Anirudha, I'm having troubles appling your patch. It seem's to contain a lot of
white space changes. Please try to create diffs only for lines that are
actually affected :)
I have only looked thourgh the diff file. It looks like you are defining an
additional collection of escape characters. I don't understand this.
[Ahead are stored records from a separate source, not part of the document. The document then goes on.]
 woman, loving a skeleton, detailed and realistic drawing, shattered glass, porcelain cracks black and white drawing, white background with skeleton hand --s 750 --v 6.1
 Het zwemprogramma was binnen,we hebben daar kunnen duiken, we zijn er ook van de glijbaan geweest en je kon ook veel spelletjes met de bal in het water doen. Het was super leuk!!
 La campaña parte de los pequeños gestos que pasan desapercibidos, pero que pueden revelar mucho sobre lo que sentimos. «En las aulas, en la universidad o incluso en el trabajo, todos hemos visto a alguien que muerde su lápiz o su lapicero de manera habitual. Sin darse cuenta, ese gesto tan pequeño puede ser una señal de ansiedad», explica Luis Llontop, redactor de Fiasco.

IIUC it is
sufficient to tweak the Lexer so that is just doesn't remove escape characters
if nothing follows that has to be escaped.
> Escape handling needs rethinking
> --------------------------------
>
> Key: CSV-58
> URL: https://issues.apache.org/jira/browse/CSV-58
> Project: Commons CSV
> Issue Type: Bug
> Components: Parser
> Reporter: Sebb
> Fix For: 1.0
>
> Attachments: commons-csv.diff
>
>
> The current escape parsing converts <esc><char> to plain <char> if the <char>
> is not one of the special characters to be escaped.
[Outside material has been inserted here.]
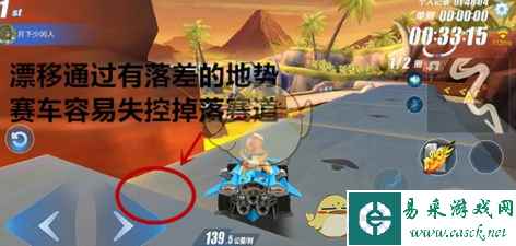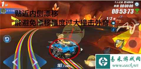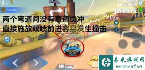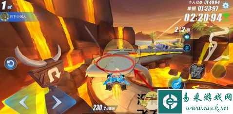 这个难点形成的根本原因在于赛道狭窄,而赛车漂移摆动的幅度很大。那么要解决二者之间的矛盾有两种办法,第一种,过弯时踩刹车或者不施放小喷降低车速;第二种,贴近内侧弯道漂移,同时死死稳住赛车行驶方向,让漂移轨迹呈缓和的曲线。这两种方法都可以遏制漂移时赛车的摆动幅度,不过相对而言第二种方法更加难以掌握,需要不断地从失误中总结经验才能习得。 【难点3.空中赛道】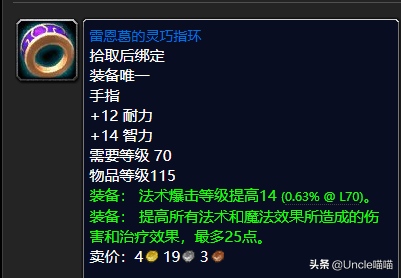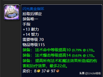 戒指方面的话喵叔个人推荐这两款给大家,当然最好的就是这款出自于英雄模式旧希尔斯布莱德丘陵BOSS时空猎手的闪光奥金指环堪称前期极品了,法术爆击以及法术命中齐聚,而且法伤以及属性都是不错,可谓是戒指中的霸王了,当然这款禁魔监狱的雷恩葛的灵巧指环也是同样可以,高法伤高法术爆击高属性真的不错,推荐指数满天星辰直戳天花板,我戳我戳我戳戳戳!

> This can affect unicode escapes if the <esc> character is backslash.
> One way round this is to specifically check for <char> == 'u', but it seems
> wrong to only do this for 'u'.
> Another solution would be to leave <esc><char> as is unless the <char> is one
> of the special characters.
> There are several possible ways to treat unrecognised escapes:
> - treat it as if the escape char had not been present (current behaviour)
> - leave the escape char as is
> - throw an exception
--
This message is automatically generated by JIRA.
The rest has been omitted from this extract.